Gli ossicini sono uniti alla parete dell'orecchio medio da vari legamenti che li costringono a ruotare intorno a un dato asse. Se facciamo agire sulla membrana del timpano una pressione costante di aria, questa fa muovere la catena degli ossicini al di fuori dell'asse ordinario determinando una diminuzione della trasmissione del suono. La fig. 6 mostra quanto si smorzino le vibrazioni e si innalzi la soglia quando una pressione di 10 cm di acqua o una corrispondente aspirazione agiscono sulla membrana del timpano. Soprattutto le basse frequenze vengono influenzate da una pressione costante; le alte frequenze, specialmente al di sopra di 3.000 hertz, solo molto raramente presentano una perdita di trasmissione maggiore, perché in questo caso i movimenti della membrana del timpano sono trasmessi alla staffa in modo diverso da quanto avviene per le basse frequenze.
Per evitare uno spostamento degli ossicini dal loro asse di rotazione, vi sono nell'orecchio medio due muscoli estremamente interessanti per il fisiologo. La loro contrazione, infatti, non determina alcun rumore nell'udito, mentre i comuni muscoli del corpo umano non si contraggono pianamente ma sempre con vibrazioni sovrapposte alla contrazione.

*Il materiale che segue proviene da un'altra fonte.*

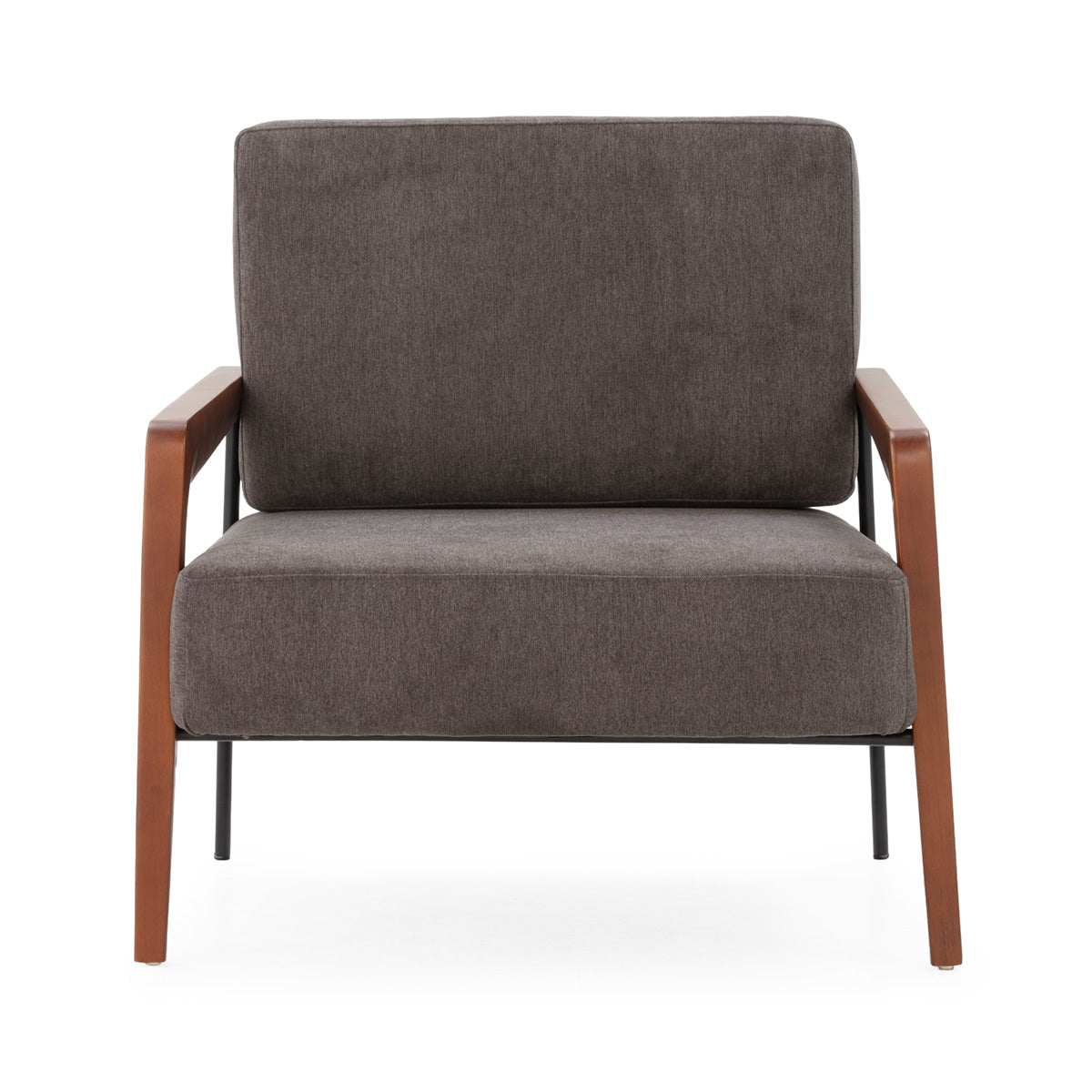 SUR DEVIS - Fauteuil 85x71,5x75 Bois de hêtre/Métal/Tissu -- Noyer/Noir/Gris Foncé - Club Pelita
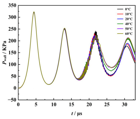The pressures at the center of the bubble action wall at different temperatures are shown in Figure 16. It can be seen from the figure that the increase in temperature does not have a significant effect on the first pulsating pressure amplitude generated at the wall of bubble collapse action. When the bubble passes through several pulsating cycles, the change in liquid surface tension and viscosity caused by the change in liquid temperature has a significant effect on the bubble. When the liquid temperature is 0 °C (t = 30.6 μs), the bubble collapse impact pressure on the wall is 178 KPa, while when the liquid temperature is 60 °C (t = 31 μs), the pulse pressure on the wall is 213 KPa. With the increase in the liquid temperature, the pulse pressure on the wall increases, which is mainly due to the decrease in the liquid viscosity and the increase in the phase transition rate on the bubble surface and the bubble shrinks sharply and produces a high-speed jet, which forms a higher impact pressure on the wall.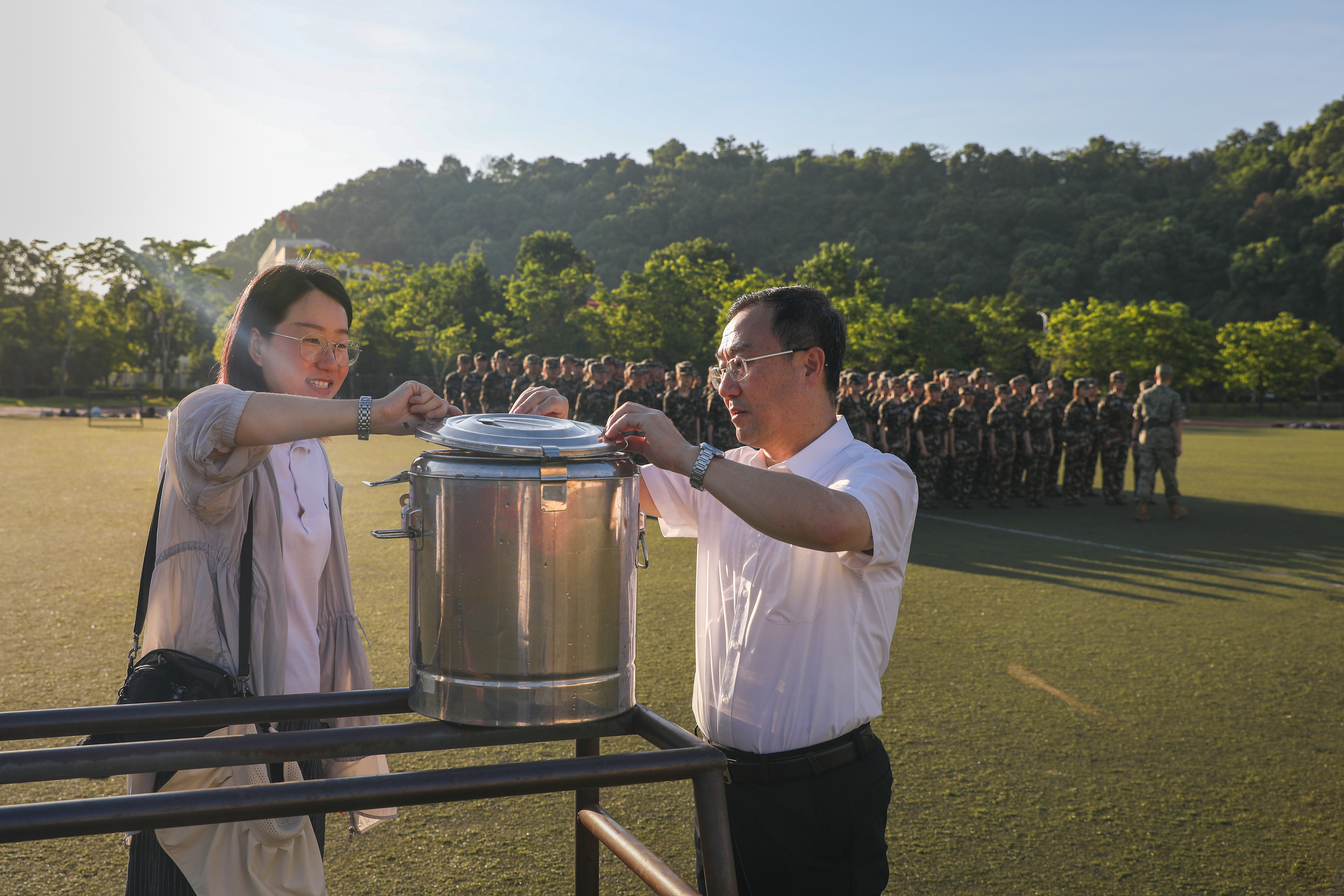 7月12日上午,校党委陈国龙书记、黄身勇副书记、林键副校长、党政办王向阳主任一行到旗山校区军训现场,关心军训学生,慰问军训教官。

I muscoli attaccati alla staffa, lunghi circa 3 mm, sono i più piccoli del corpo umano: non si contraggono per suoni deboli, ma solo per suoni di intensità superiore a un ‛valore di soglia'. In molti animali, come nella cavia, oltre un certo livello sonoro si contraggono non solo i muscoli della staffa ma anche i muscoli situati intorno al padiglione auricolare, cosicché è possibile vedere se l'animale sente o meno.
3. L'orecchio interno.
a) Generalità di anatomia e di fisiologia.
L'orecchio interno, rappresentato nella parte destra della fig. 3, è costituito dall'apparato vestibolare e da un canale suddiviso in due parti da un dotto cocleare contenente la membrana basilare. Poiché tutte le fibre nervose acustiche terminano nella membrana basilare, è evidente che il processo uditivo ha luogo nell'organo di senso in questa situato.
Tutto l'orecchio interno è pieno di un liquido chiamato perilinfa. Ogni movimento degli ossicini dell'orecchio medio è trasmesso alla staffa che funziona all'incirca come un pistone entrando e uscendo dalla finestra ovale, nella metà superiore del canale cocleare. Poiché l'orecchio interno è pieno di liquido, ogni movimento della staffa verso l'interno determina, per l'incomprimibilità del liquido, un movimento della membrana della finestra rotonda verso l'esterno. Per frequenze molto basse o per spostamenti costanti, un movimento della superficie del piede della staffa verso l'interno della coclea fa spostare il liquido nella rampa vestibolare in direzione di un'apertura, detta elicotrema, attraverso la quale viene spinto verso l'esterno in direzione della finestra rotonda. Frequenze più alte determinano una deformazione della membrana basilare nel dotto cocleare, mentre per frequenze molto alte non si hanno più movimenti di liquido a livello dell'elicotrema. Quest'apertura ha pertanto il compito di eliminare differenze di pressione costanti sulla membrana basilare.
b) La coclea.
La coclea è un canale suddiviso in due parti per tutta la sua lunghezza tranne che a un estremo, in corrispondenza del quale le due parti comunicano; nei Mammiferi si avvolge a spirale e nell'orecchio umano fa due giri e tre quarti. Essa è mostrata schematicamente in forma distesa nella parte destra della fig. 3. Nel corso dell'evoluzione la spiralizzazione della coclea è andata aumentando: nella tartaruga non presenta praticamente alcun giro (v. fig. 7A); negli Uccelli ha solo una piccola curvatura (v. fig. 7B); nella cavia mostra tre giri e mezzo. Questa osservazione sta probabilmente a indicare che la lunghezza del canale cocleare e della membrana basilare è in rapporto con un continuo perfezionamento dell'udito e in particolar modo con quello dell'analisi delle frequenze sonore.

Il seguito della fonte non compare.